## ASSIGNED TASK
The reply should hold only the lines below beginning at the one with "Внешний SSD-накопитель Orico" and ending at the one with "为宣传预防艾滋病知识,增强大", copied exactly, with every picture left out.

## RECORDS SHOWN
———

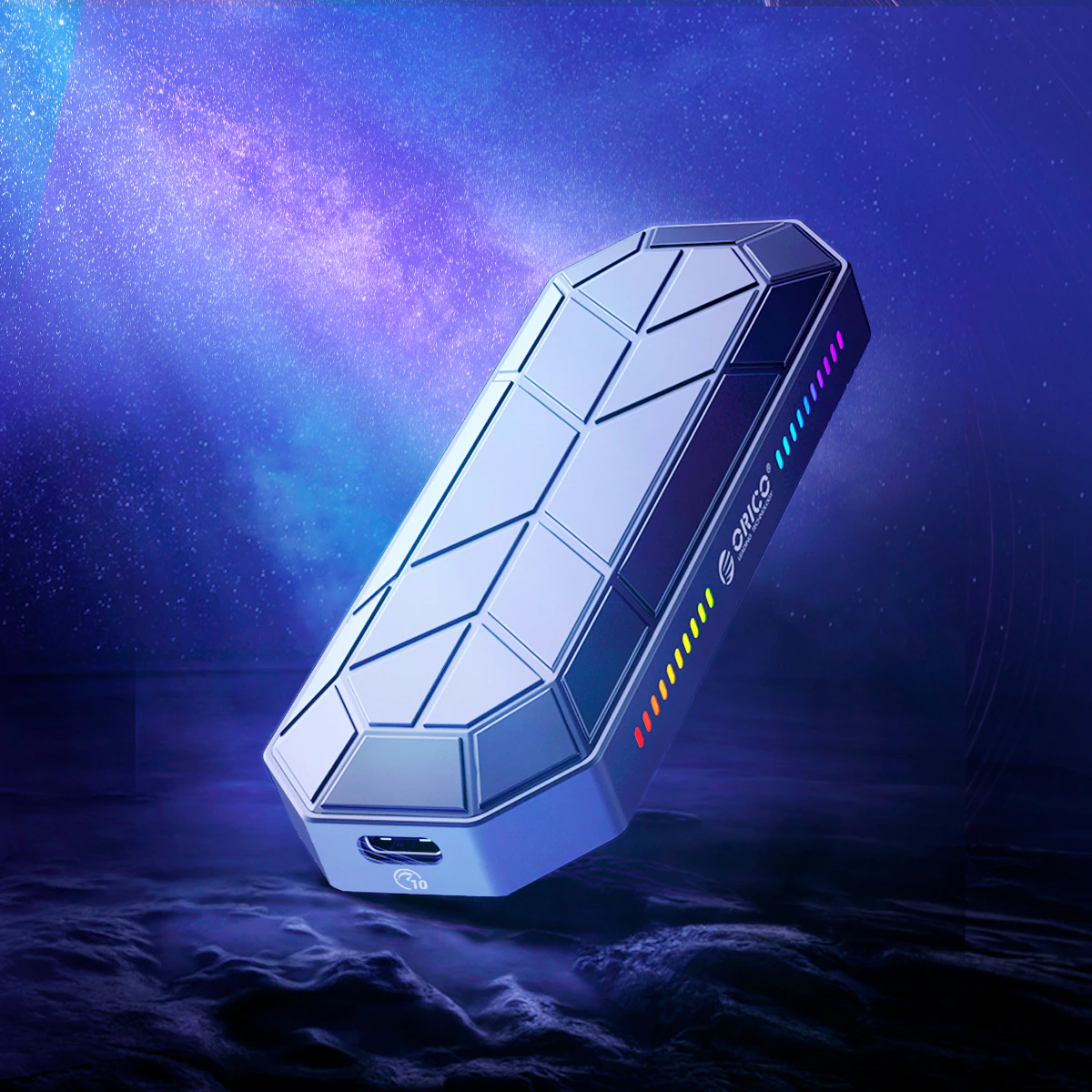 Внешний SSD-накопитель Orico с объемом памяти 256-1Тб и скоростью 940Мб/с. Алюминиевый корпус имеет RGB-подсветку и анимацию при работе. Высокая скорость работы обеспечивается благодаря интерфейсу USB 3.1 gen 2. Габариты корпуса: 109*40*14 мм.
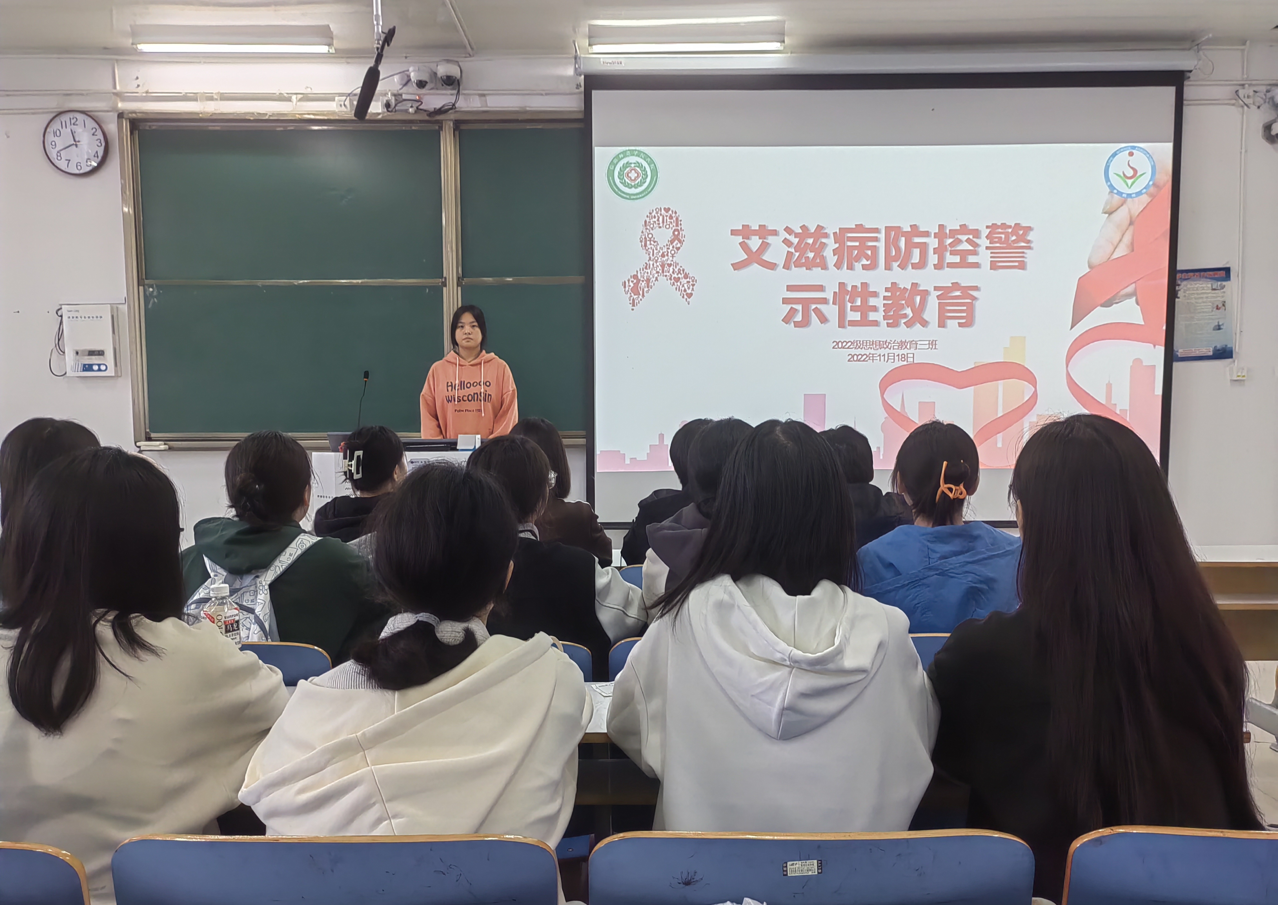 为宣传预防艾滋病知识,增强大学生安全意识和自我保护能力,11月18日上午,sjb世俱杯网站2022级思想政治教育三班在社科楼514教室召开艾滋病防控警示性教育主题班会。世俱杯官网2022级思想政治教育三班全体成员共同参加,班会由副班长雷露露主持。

———

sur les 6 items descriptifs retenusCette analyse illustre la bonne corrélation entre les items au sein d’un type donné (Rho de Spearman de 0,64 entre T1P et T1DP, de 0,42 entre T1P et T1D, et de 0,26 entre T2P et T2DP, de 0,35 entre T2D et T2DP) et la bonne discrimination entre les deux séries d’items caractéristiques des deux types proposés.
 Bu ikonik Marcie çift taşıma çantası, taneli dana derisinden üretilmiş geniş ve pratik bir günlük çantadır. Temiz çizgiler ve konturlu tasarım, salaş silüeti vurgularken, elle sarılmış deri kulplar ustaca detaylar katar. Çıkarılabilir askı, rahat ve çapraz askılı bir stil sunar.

———

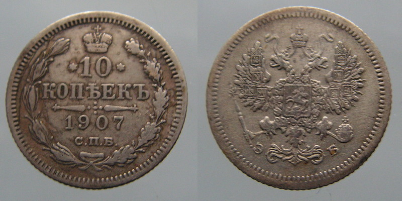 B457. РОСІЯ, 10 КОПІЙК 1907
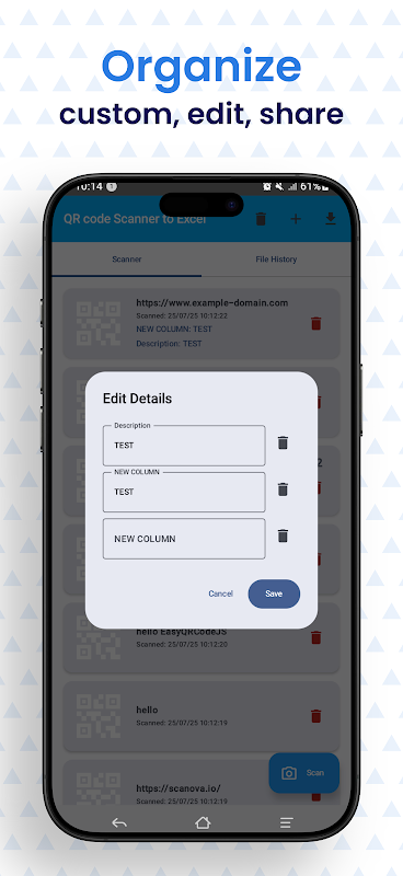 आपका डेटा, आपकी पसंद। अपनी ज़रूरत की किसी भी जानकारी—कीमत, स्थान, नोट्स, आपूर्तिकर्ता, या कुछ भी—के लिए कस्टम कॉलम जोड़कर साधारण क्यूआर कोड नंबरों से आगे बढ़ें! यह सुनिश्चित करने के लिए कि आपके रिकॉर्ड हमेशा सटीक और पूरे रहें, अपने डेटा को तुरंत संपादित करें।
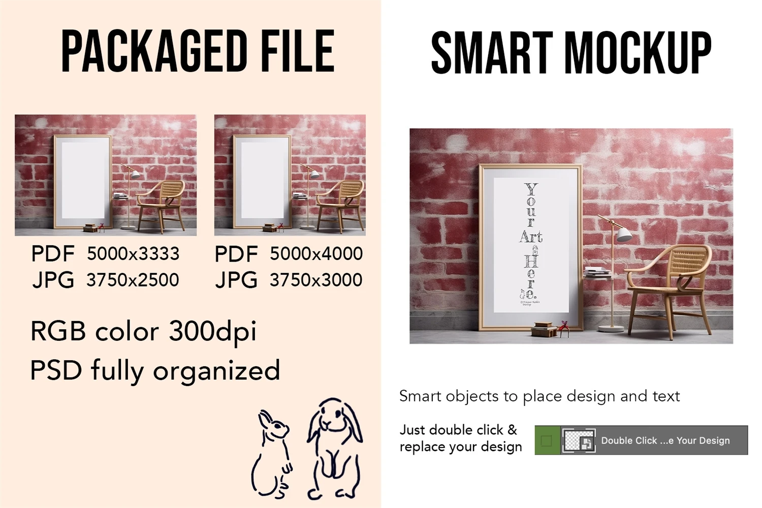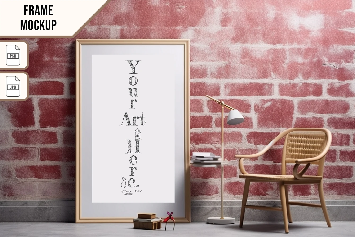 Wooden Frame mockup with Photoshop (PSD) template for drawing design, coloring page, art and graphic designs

———

## OUTPUT OF THE TASK
 Внешний SSD-накопитель Orico с объемом памяти 256-1Тб и скоростью 940Мб/с. Алюминиевый корпус имеет RGB-подсветку и анимацию при работе. Высокая скорость работы обеспечивается благодаря интерфейсу USB 3.1 gen 2. Габариты корпуса: 109*40*14 мм.
 为宣传预防艾滋病知识,增强大学生安全意识和自我保护能力,11月18日上午,sjb世俱杯网站2022级思想政治教育三班在社科楼514教室召开艾滋病防控警示性教育主题班会。世俱杯官网2022级思想政治教育三班全体成员共同参加,班会由副班长雷露露主持。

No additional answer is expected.